Year: 2005 | Volume: 1 | Issue: 2 | Page No.: 94-100
DOI: 10.3923/ijcr.2005.94.100
Clinical Significance of Serum p53 Antigen in Patients with Hepatocellular Carcinoma
Mohamed Mohamed Abdel-Aziz, Nabil Ali Gad El-hak and Ayman Tallatt Abbas

Abstract: The aim of this study was to analyse the serum p53 antigen concentrations in 98 patients with hepatocellular carcinoma (HCC) using ELISA based on mouse anti-p53 monoclonal antibody (Bp53-12 mAb). A single band of 53 kDa was detected in sera of selected HCC patients using western blot assay. The ELISA technique revealed that the mean serum concentrations of p53 antigen in HCC patients was significantly higher than in controls (p<0.0001).
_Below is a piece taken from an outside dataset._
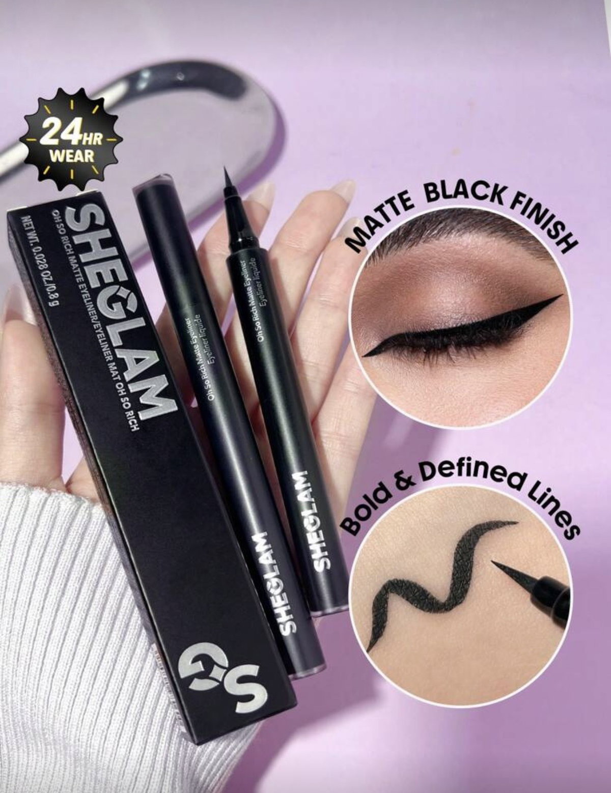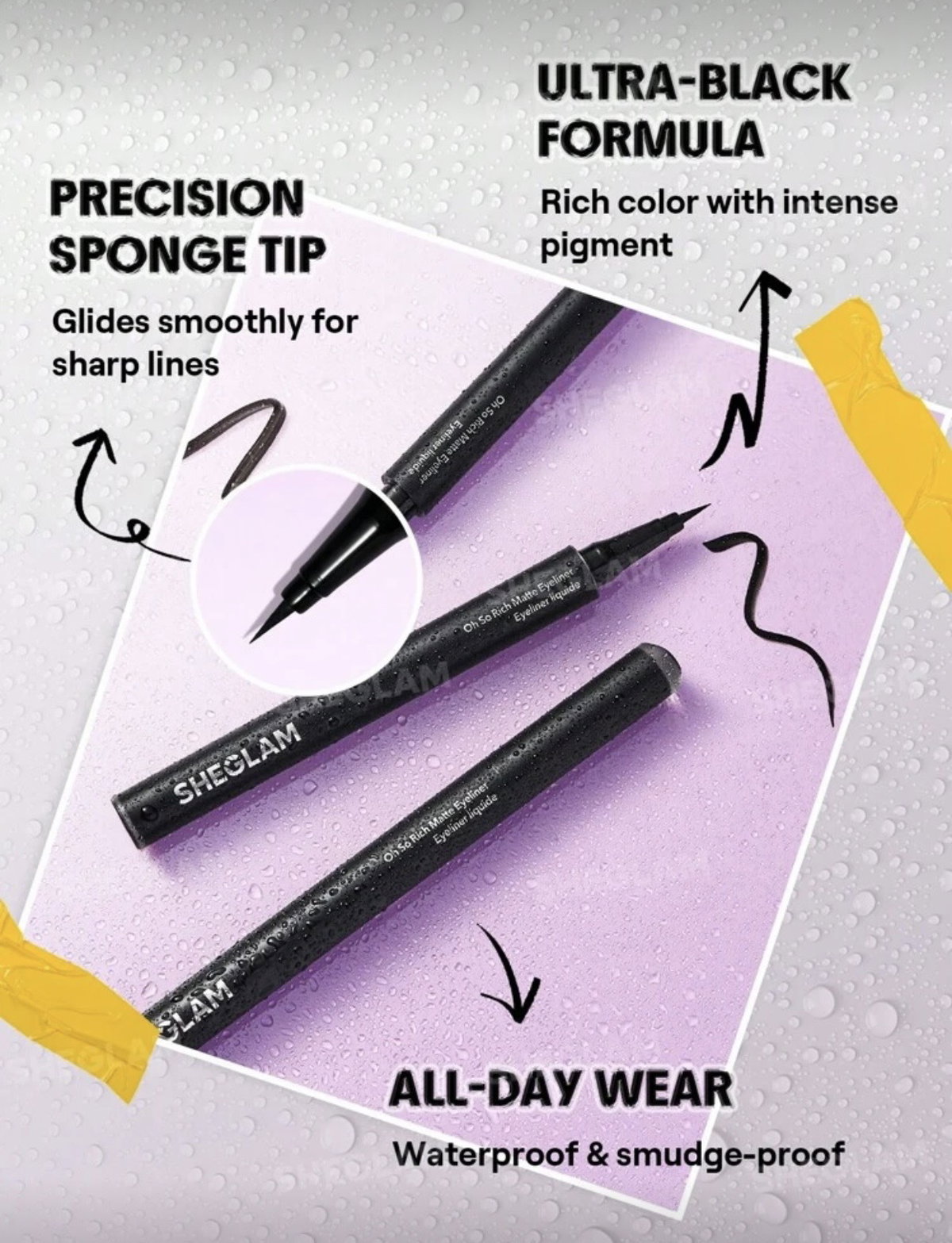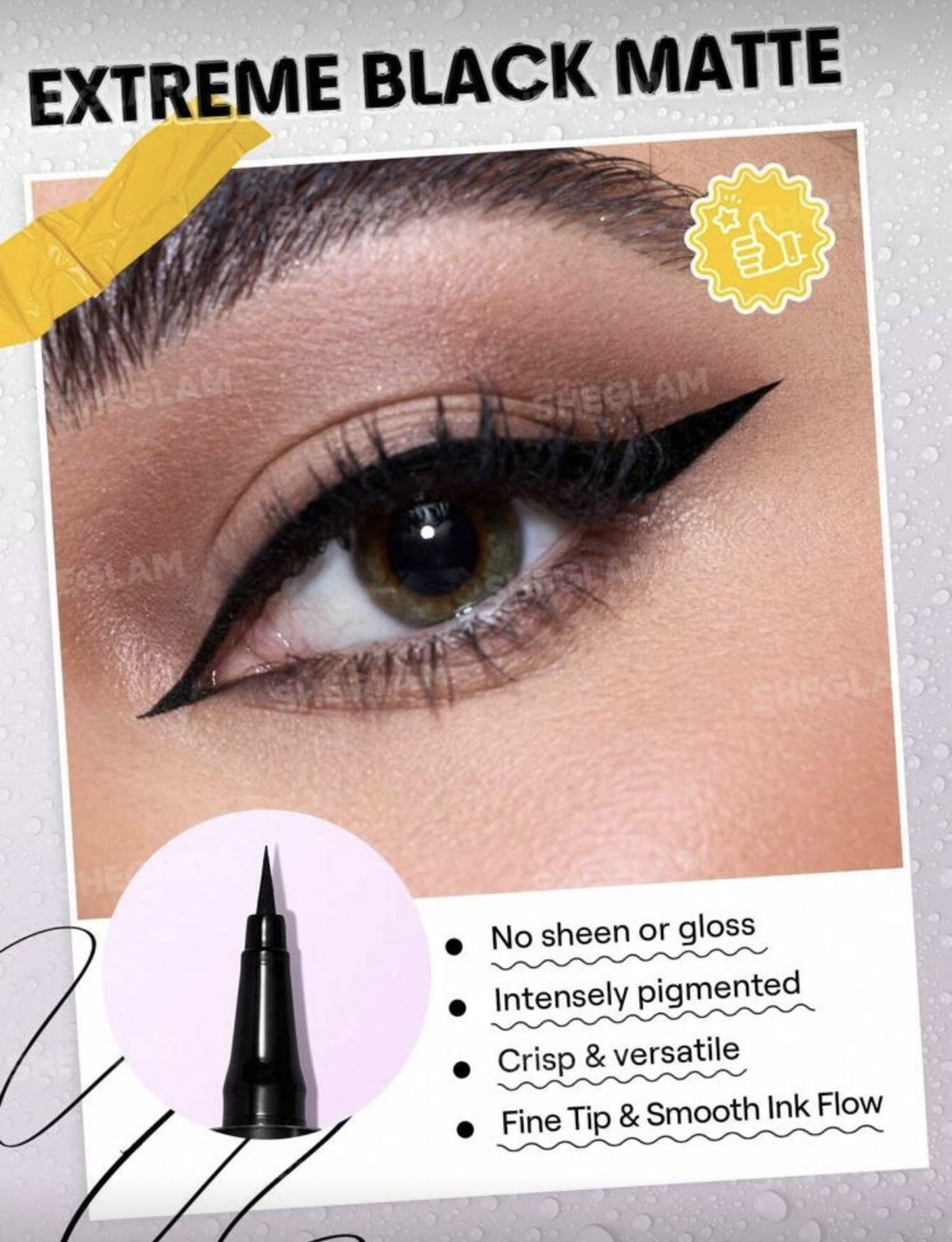 Delineador en fibra de la marca Sheglam, tiene un color negro intenso y es de larga duración.

The positive serum of p53 protein (>0.212 ng mL-1) samples were found in 60 out of 98 (61.22%) patients with HCC. There were no significant differences in serum p53 protein levels according to age, sex, or serum AFP, but serum levels of p53 protein in patients with smaller tumor size (<5 cm) were significantly higher than those in patients with larger tumor size (>5 cm) (p = 0.03) . There were significant differences in p53 protein level according to Child Pugh classification (Child A vs. combined Child B and C) (p = 0.011). There was no significant association between serum p53 protein concentrations and serum AFP levels. Positive status of serum p53 protein and/or AFP were found in 57 out of 69 (82.6%) patients with HCC. These results suggest that the quantification of soluble p53 in serum may be an additional useful biochemical marker for immuno-diagnosis of patients with HCC using ELISA as a non-invasive technique.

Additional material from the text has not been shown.